When I had caught the cinema bug around half a decade back, I started exploring films from directors around the world. Some left me in a state of awe and others clueless. Just at the beginning of this journey into the fascinating world of cinema-watching, I happened to attend a film appreciation course conducted by a certain Oorvazi Irani of whom I had no idea of. But her impressive blog convinced me to take the course and I have always patted myself for that decision. The course and my correspondence with her since then has not only helped me appreciate the finer nuances of the movies but has also played a major role in shaping my taste in cinema.
The film appreciation course I had the privilege to attend, has not only helped me appreciate the finer nuances of the medium but also played a major role in shaping my taste in films.
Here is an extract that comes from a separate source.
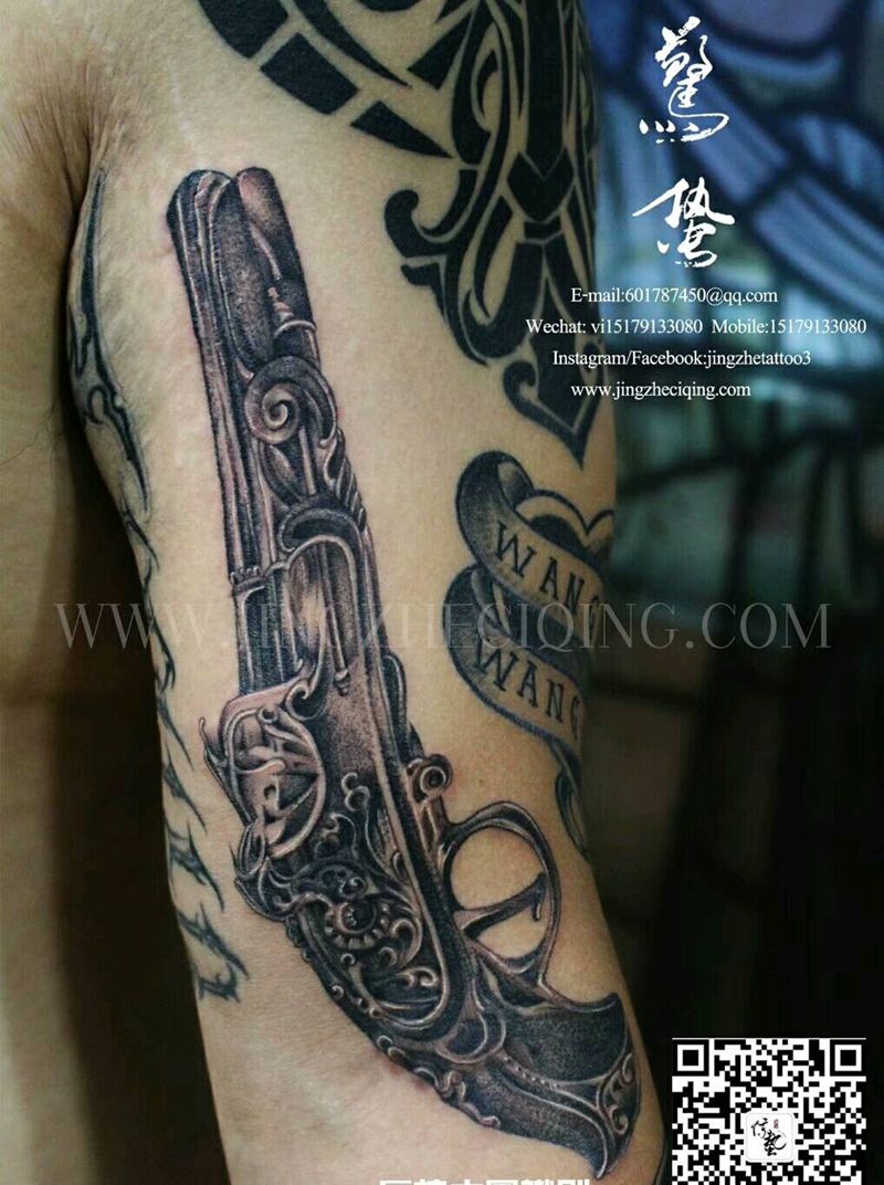 当前位置: 首页 >江西省南昌市纹身店-惊蛰刺青纹身图案>复古手枪纹身图片

Oorvazi’s first feature film, The Path of Zarathustra, which is slated to release next week (4th September) explores the humanistic aspect in Zoroastrianism, a subject close to her heart, being a Parsi herself.
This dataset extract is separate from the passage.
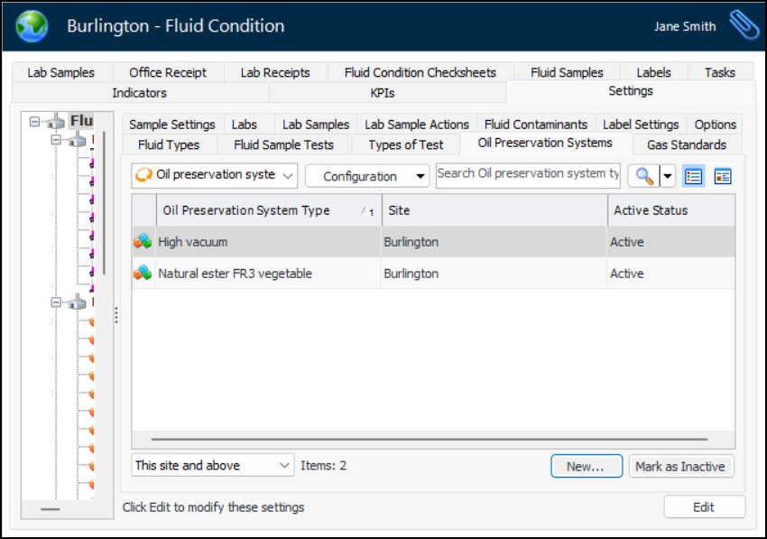 2. Select the Oil Preservation Systems tab. This tab lists the types that have been created for the site. For example:You can mark a type as inactive until it is ready to be used. Select the type in the table and click Mark as Inactive. The Mark as Inactive/Active dialog appears, where you can enter a comment. When you click OK, a confirmation message appears. Click OK. When you are ready, click Mark as Active to make the type available for use.
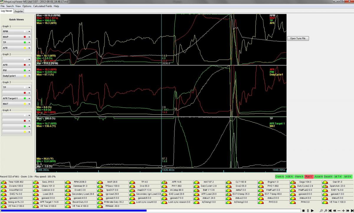 Hmm, i just found when reviewing this datalog that it's saying i lifted at 6600rpm, when i'm pretty sure my tachometer was at like 6900. I think the tach reads a little ligh, which would also explain why i don't bang the limiter i set at 6800 all the time. Anyone else experience this?

Though I have not had the opportunity to watch the film, the promos bear an unmistakable stamp of the artistic side of Oorvazi Irani. The French New Wave was a term that I first heard in her appreciation course. She spoke very passionately about the Auteur theory, and was a great believer in the idea that a filmmaker should use the tools of the cinema medium as a pen to put his/her point across. This belief was quite evident in her first short film ‘Mamaiji’ (Grandmother) as well. A documentary of sorts on her grandmother who was born in Iran but spent much of her adult life in India. It is a fascinating and elegant portrait of Moti (Morvarid) Nadirshah Roowalla that eschews realism for a surrealistic take, with a lot of thought put into every aspect of the filmmaking process. It certainly marked Oorvazi Irani as a director with a lot of promise and a unique stylistic sensibility.
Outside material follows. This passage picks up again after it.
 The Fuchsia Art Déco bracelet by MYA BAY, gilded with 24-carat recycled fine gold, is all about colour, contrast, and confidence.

Now, I for one, could not miss the impression of Oorvazi in every frame of the trailer of The Path Of Zarathustra. Apart from the fact that she indeed plays the lead role in the film, the pristine imagery and detailed production design has her name written all over it. Also, those who know her will vouch for the fact the she is greatly intrigued by her native Parsi community and their roots and way of life. ‘Mamaiji’ too was a portrait of a decidedly Zoroastrian woman. Despite being a short film, it certainly did not lack in depth and touched upon spirituality, religion, nostalgia among others, without coming across as cluttered at any point. The Path of Zarathustra, too, holds a similar kind of promise with the mild similarity in theme and style.
An artist is able to connect with her audience only when she explores a subject close to her heart, through her own personal expression, which the promos of The Path of Zarathustra definitely assure me of. This assurance of an honest and solid piece of art, coupled with the admiration for Oorvazi Irani as a film educationalist, I certainly cannot wait to watch the film and only hope that it is received with wide acclaim.